You need a LAWYER. He doesn't know what *****y is yet. Since you told him to stop and he didn't, drop the hammer on him. Get a divorce attorney and tell him he's gone if he continues one more day.


----------



## feylovelyheart (Jun 13, 2009)

Sven said:


> You need a LAWYER. He doesn't know what *****y is yet. Since you told him to stop and he didn't, drop the hammer on him. Get a divorce attorney and tell him he's gone if he continues one more day.


I don't know how many times I told him this. Everytime we fight, I told him that it's better that if we got divorce but he always threat me that he will take my son away and I can't let that to happen. Things are complicated between us. Even though he always threat me that he will divorce me but he never does. 

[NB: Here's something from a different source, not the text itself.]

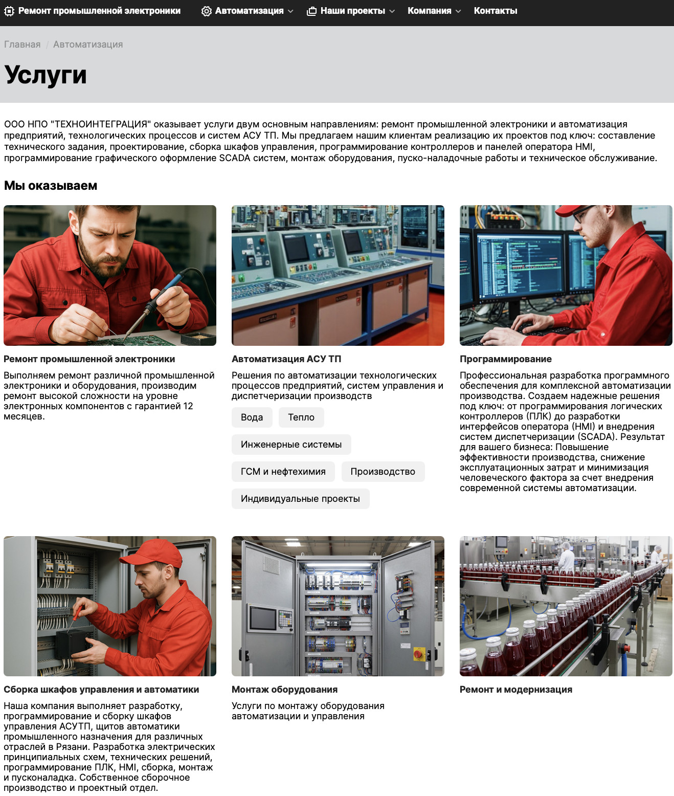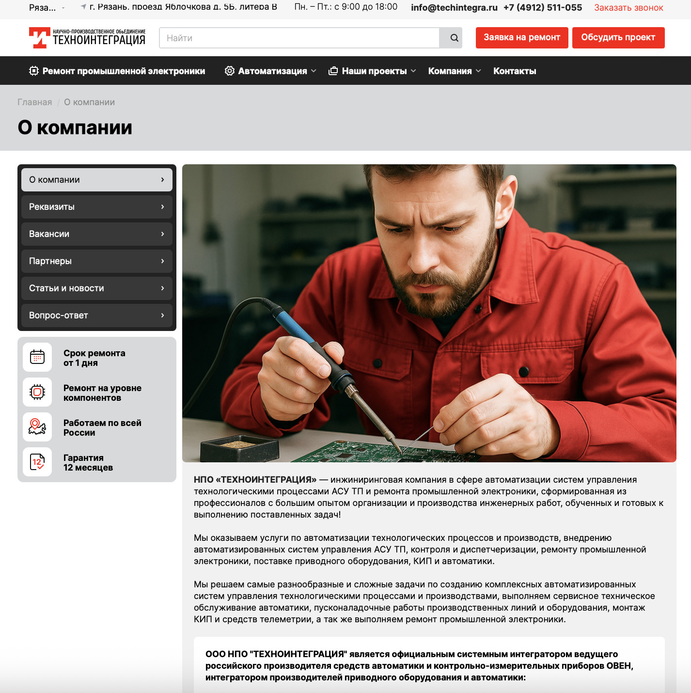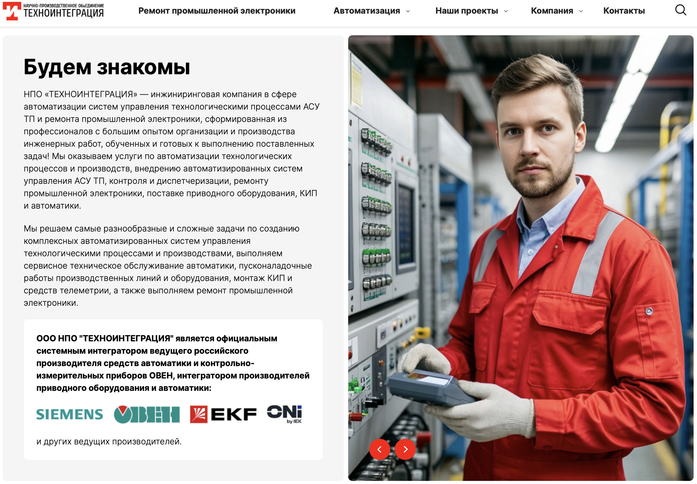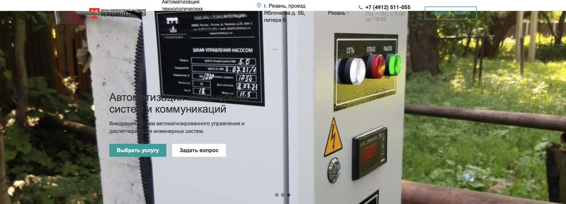 Нашим клиентом является компания ТЕХНОИТЕГРАЦИЯ, которая специализируется на производстве промышленной электроники и автоматизации технологических процессов. Клиент хотел получить современный, удобный и информативный сайт, который будет приносить заявки на электронную почту.

I know that I am such a weak person. I am not brave enough to take an action. I was thinking to get away from him many times but I didn't have enough courage to leave him. Evertime I made my mind about leaving him, I always thought about who is going to take care of him when I am gone, who is going to cook for him, wash his clothes since all this time I am the one who take care of everything. I just couldn't imagine how he would be like if I am not here with him but at the same time I couldn't live like this. It's not only because he is talking to another girls but also the way he treats me. I feel like I failed as a wife and it really breaks my heart to realize this.


----------